_RECORDS TO PROCESS_
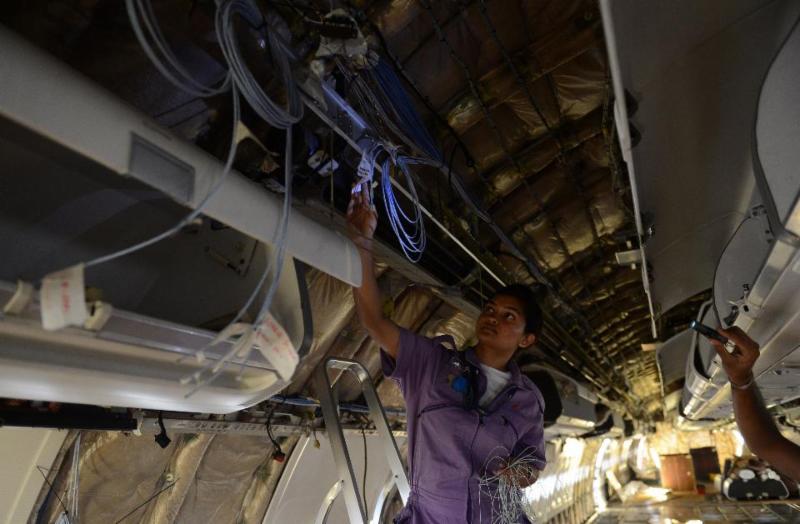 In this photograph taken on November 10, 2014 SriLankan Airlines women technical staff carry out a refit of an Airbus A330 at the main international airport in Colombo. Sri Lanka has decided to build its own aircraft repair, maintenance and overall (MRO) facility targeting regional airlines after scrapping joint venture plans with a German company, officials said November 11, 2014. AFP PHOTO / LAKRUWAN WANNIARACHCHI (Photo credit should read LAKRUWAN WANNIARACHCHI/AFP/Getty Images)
---
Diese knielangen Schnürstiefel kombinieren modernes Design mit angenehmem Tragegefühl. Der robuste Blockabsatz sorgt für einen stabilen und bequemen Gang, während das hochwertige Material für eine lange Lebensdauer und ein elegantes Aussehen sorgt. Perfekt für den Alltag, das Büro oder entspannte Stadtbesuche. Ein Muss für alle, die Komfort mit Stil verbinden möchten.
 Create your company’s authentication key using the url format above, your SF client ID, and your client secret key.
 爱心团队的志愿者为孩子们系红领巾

_WHAT YOU ARE ASKED TO DO_
Please reproduce exactly the lines in the listing above from the one containing "Diese knielangen Schnürstiefel" through the one containing "爱心团队的志愿者为孩子们系红领巾", both included, and nothing more.

_OUTPUT FOR THIS TASK_
Diese knielangen Schnürstiefel kombinieren modernes Design mit angenehmem Tragegefühl. Der robuste Blockabsatz sorgt für einen stabilen und bequemen Gang, während das hochwertige Material für eine lange Lebensdauer und ein elegantes Aussehen sorgt. Perfekt für den Alltag, das Büro oder entspannte Stadtbesuche. Ein Muss für alle, die Komfort mit Stil verbinden möchten.
 Create your company’s authentication key using the url format above, your SF client ID, and your client secret key.
 爱心团队的志愿者为孩子们系红领巾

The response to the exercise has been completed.